Right now it's 10:15pm. About an hour ago my mom and I went over to Joe's trailer. I stayed in the car listening to them for a little bit. Then after he kept getting up to try to kiss her and beg her to let him come home with us, I got disgusted. He was drunk...no surprise there. He's only sober when he's in jail for a few days.
After about 10 minutes I just BLARED Our Lady Peace on my cd player. Then they came over and were sitting on the hood of the car.
Anyway, that's not even the problem. After we left Joe's shack/trailer my mom and I went to Quick Check. She went in to get a pack of cigarettes and a candy bar, and came back out with 2 packs of cigs, a candy bar, and a 6-pack.
So right now she's drinking her beer. She was also telling me that she was going to show me what a "Real cut looks like."
I didn't post it yet, but I haven't cut in about 6 weeks now, and have no intentions of ever doing it again. Now I find myself checking on my mom every few minutes to make sure that SHE'S not cutting. I threw away the piece of glass that she was going to cut with.
She said that she didn't care because she wasn't going to cut herself unless I did it first. She's really pissed off about all the scars on my right leg. She thinks that I cut myself because she was a bad mother. I told her that if it weren't for her, that I'd STILL be cutting, and probably dead. I tell her every day that she's a great mom, but she blames herself for EVERYTHING....But then when we're in theropy she tells the shrink that I blame her for everything and that she's not responsible for anything...Yes, we are confusing people.

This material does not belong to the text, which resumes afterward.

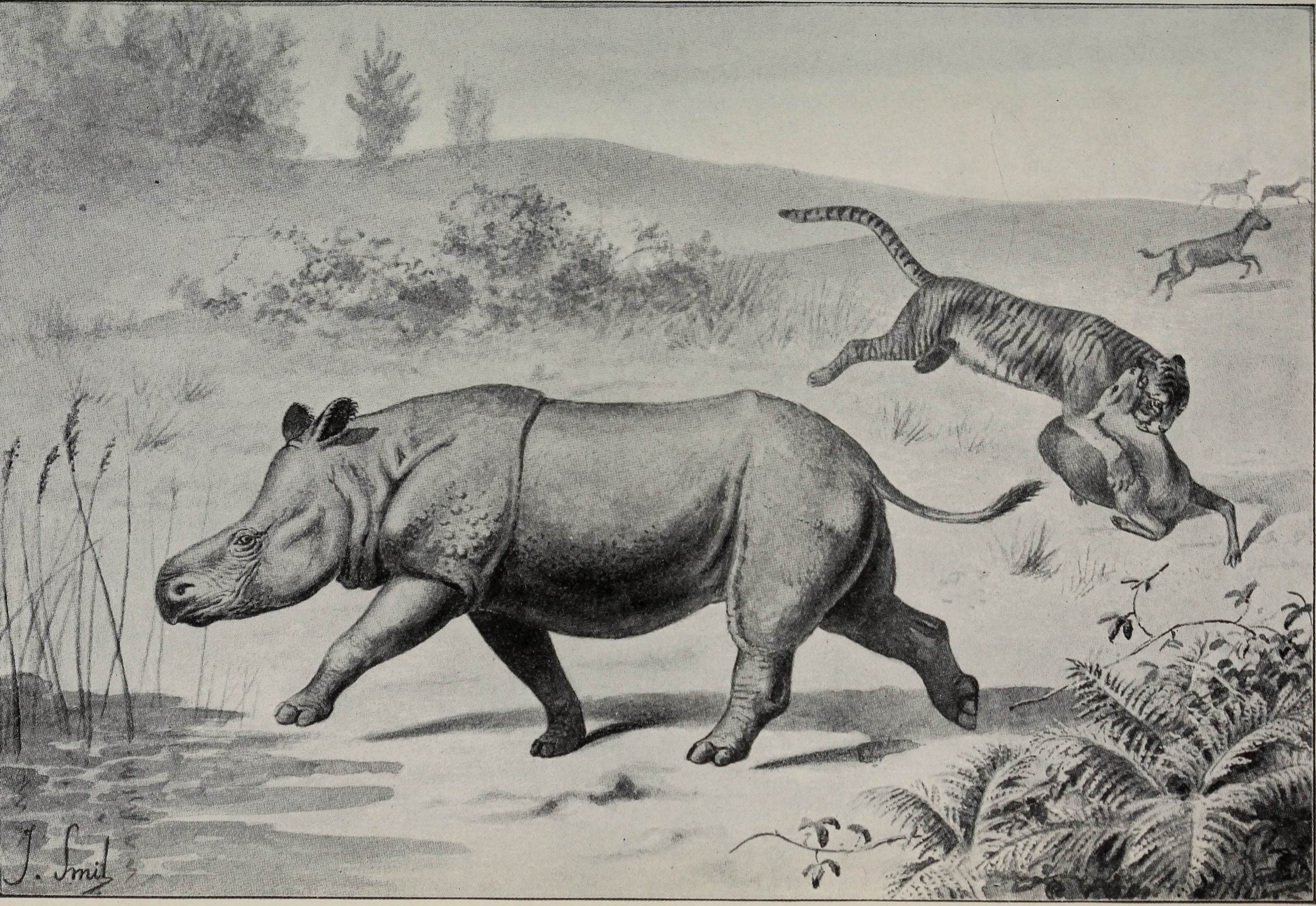 Title: The Badland formations of the Black Hills region Year: 1910 (1910s) Authors: O'Harra, Cleophas C. (Cleophas Cisney), 1866-1935 Subjects: Geology; Geology, Stratigraphic; Vertebrates, Fossil Publisher: Rapid City, S. D. (The Daily Journal) Text Appearing Before Image: ' Text Appearing After Image: ' Description Shown are Metamynodon, Hyracodon, and Dinictis in the Oligocene Badlands National Park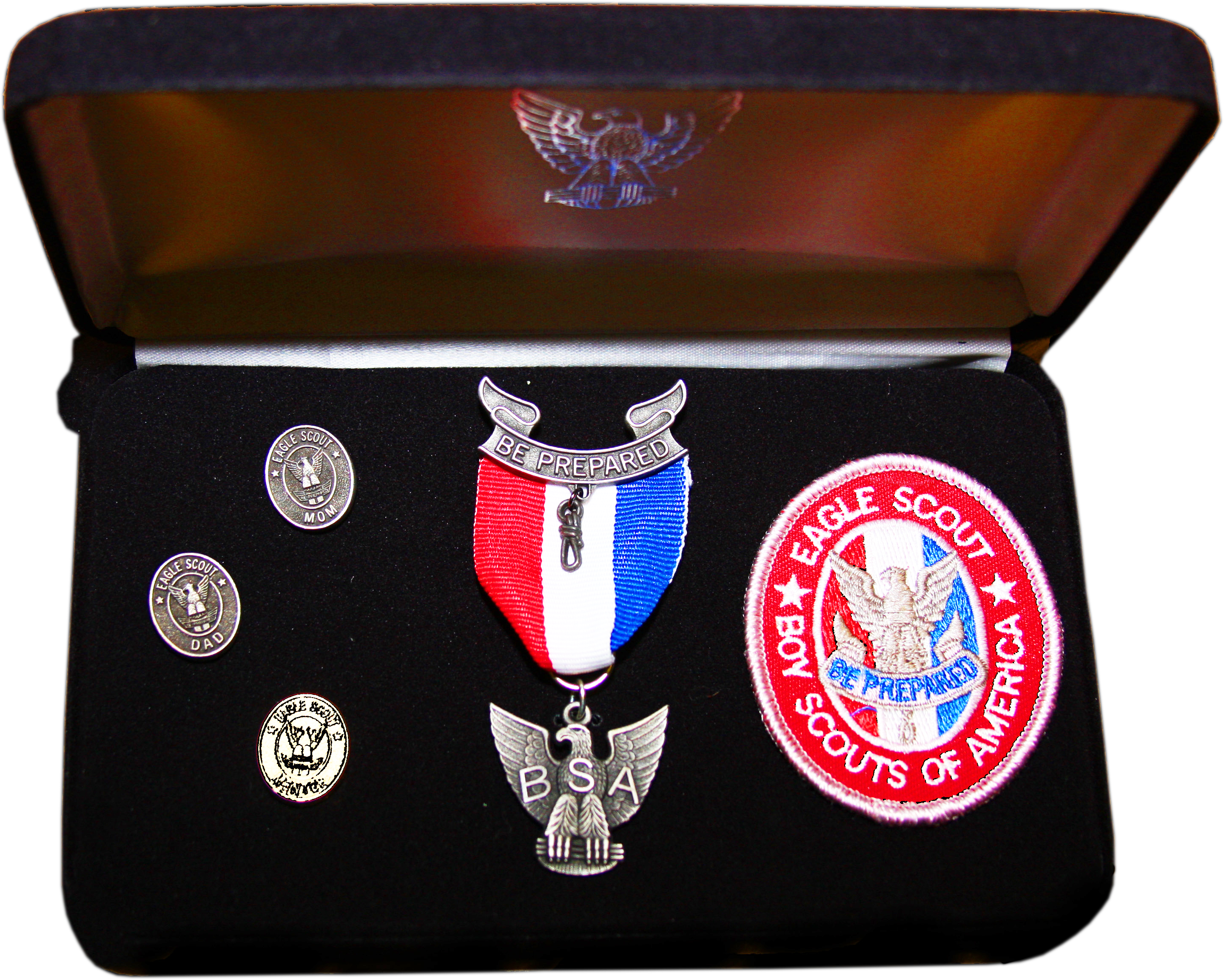 Eagle Scout Award ensemble of the Boy Scouts of America

She doesn't want to end up in a mental hospital like I was.
I don't want to sleep tonight, I told my mom I was going to shadow her all night. People hate that, but it's the only way that I'll be certaing that she doesn't cut or get really drunk...OR get really drunk and THEN cut.
I'm afraid because she's always telling me that if she were to cut, that it wouldn't be little scratches up and down her legs...She'd make deep cuts up and down her arms.
I told her I was going to call 9-1-1, but in my family that's not a very effective method of intervention...
My grandfather for example, spent 2 weeks in a mental hospital, and the night he was discharged he commited suicide. My family is very fragile so we are usually afraid to make threats like calling the police.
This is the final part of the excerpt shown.